• _DATASET EXTRACT_:

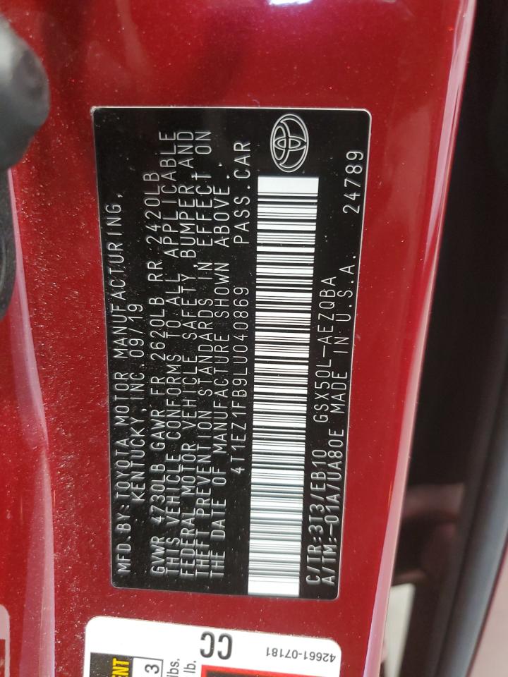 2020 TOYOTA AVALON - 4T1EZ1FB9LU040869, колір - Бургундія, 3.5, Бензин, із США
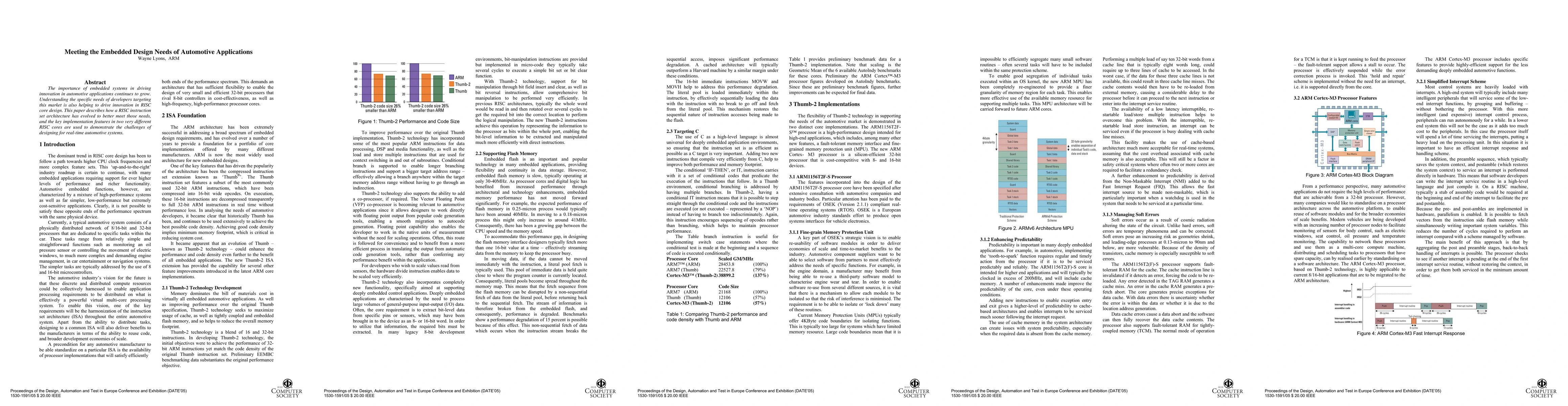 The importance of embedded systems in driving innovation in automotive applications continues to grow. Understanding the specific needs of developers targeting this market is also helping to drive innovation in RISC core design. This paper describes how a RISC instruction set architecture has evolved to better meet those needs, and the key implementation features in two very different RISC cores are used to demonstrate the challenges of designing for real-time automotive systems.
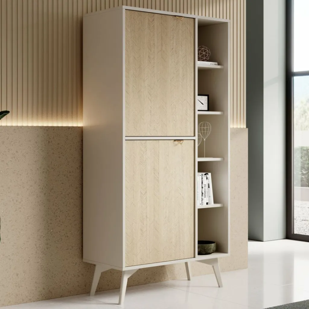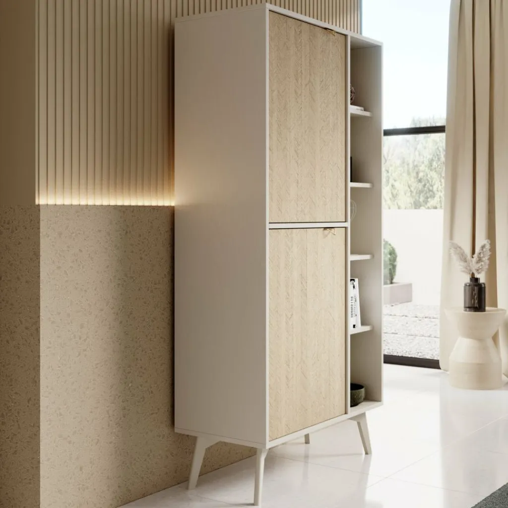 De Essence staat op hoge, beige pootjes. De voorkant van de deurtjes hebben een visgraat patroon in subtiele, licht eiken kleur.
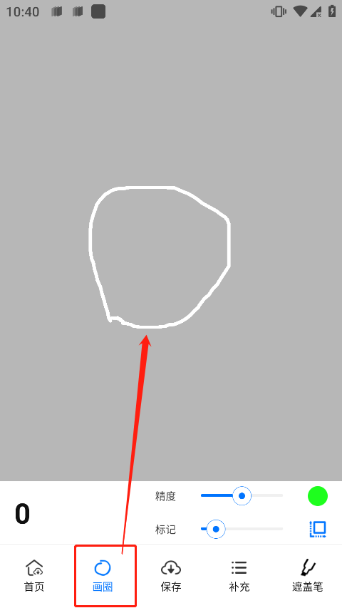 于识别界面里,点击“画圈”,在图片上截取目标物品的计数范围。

• _EXERCISE REQUIREMENTS_: From the line containing "The importance of" down to the final line of the listing above, write out only those lines exactly as they are, minus the pictures.

• _FINISHED TASK_:
 The importance of embedded systems in driving innovation in automotive applications continues to grow. Understanding the specific needs of developers targeting this market is also helping to drive innovation in RISC core design. This paper describes how a RISC instruction set architecture has evolved to better meet those needs, and the key implementation features in two very different RISC cores are used to demonstrate the challenges of designing for real-time automotive systems.
 De Essence staat op hoge, beige pootjes. De voorkant van de deurtjes hebben een visgraat patroon in subtiele, licht eiken kleur.
 于识别界面里,点击“画圈”,在图片上截取目标物品的计数范围。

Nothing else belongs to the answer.